▸ **AIM OF THE TASK**:
Exclude images; transcribe the rest of the data exactly.

▸ **INFORMATION SUPPLIED**:
=======
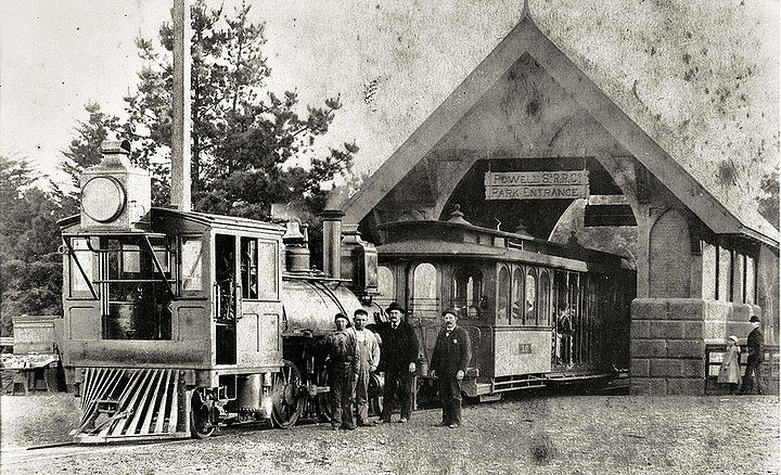 Ferries and Cliff House steam train at Golden Gate Park terminal, 7th Avenue and Fulton, c. 1895.
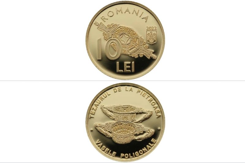 Banca Naţională a României va lansa, începând de luni, în circuitul numismatic o monedă din aur cu tema Tezaurul de la Pietroasa - Vasele Poligonale, potrivit unui comunicat al băncii centrale.
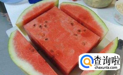 将西瓜切成两边,再沿着西瓜周围切出四个圆块,剩下的就是一个没有皮的长方形西瓜,一整个方形西瓜可以直接用来使用。剩下的四个圆块西瓜却不能食用,因为”肉少皮厚”,一般会将其扔掉。
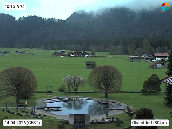 D 87561 Oberstdorf 815m, Kurort im schwäbischen Landkreis Oberallgäu in den Allgäuer Alpen, südlichste Gemeinde Deutschlands und flächenmässig drittgrösste Gemeinde Bayerns. Blickrichtung Süden zu den Allgäuer Alpen. Präsentiert von https://www.schueles.com/.
=======
▸ **RESPONSE**:
 Ferries and Cliff House steam train at Golden Gate Park terminal, 7th Avenue and Fulton, c. 1895.
 Banca Naţională a României va lansa, începând de luni, în circuitul numismatic o monedă din aur cu tema Tezaurul de la Pietroasa - Vasele Poligonale, potrivit unui comunicat al băncii centrale.
 将西瓜切成两边,再沿着西瓜周围切出四个圆块,剩下的就是一个没有皮的长方形西瓜,一整个方形西瓜可以直接用来使用。剩下的四个圆块西瓜却不能食用,因为”肉少皮厚”,一般会将其扔掉。
 D 87561 Oberstdorf 815m, Kurort im schwäbischen Landkreis Oberallgäu in den Allgäuer Alpen, südlichste Gemeinde Deutschlands und flächenmässig drittgrösste Gemeinde Bayerns. Blickrichtung Süden zu den Allgäuer Alpen. Präsentiert von https://www.schueles.com/.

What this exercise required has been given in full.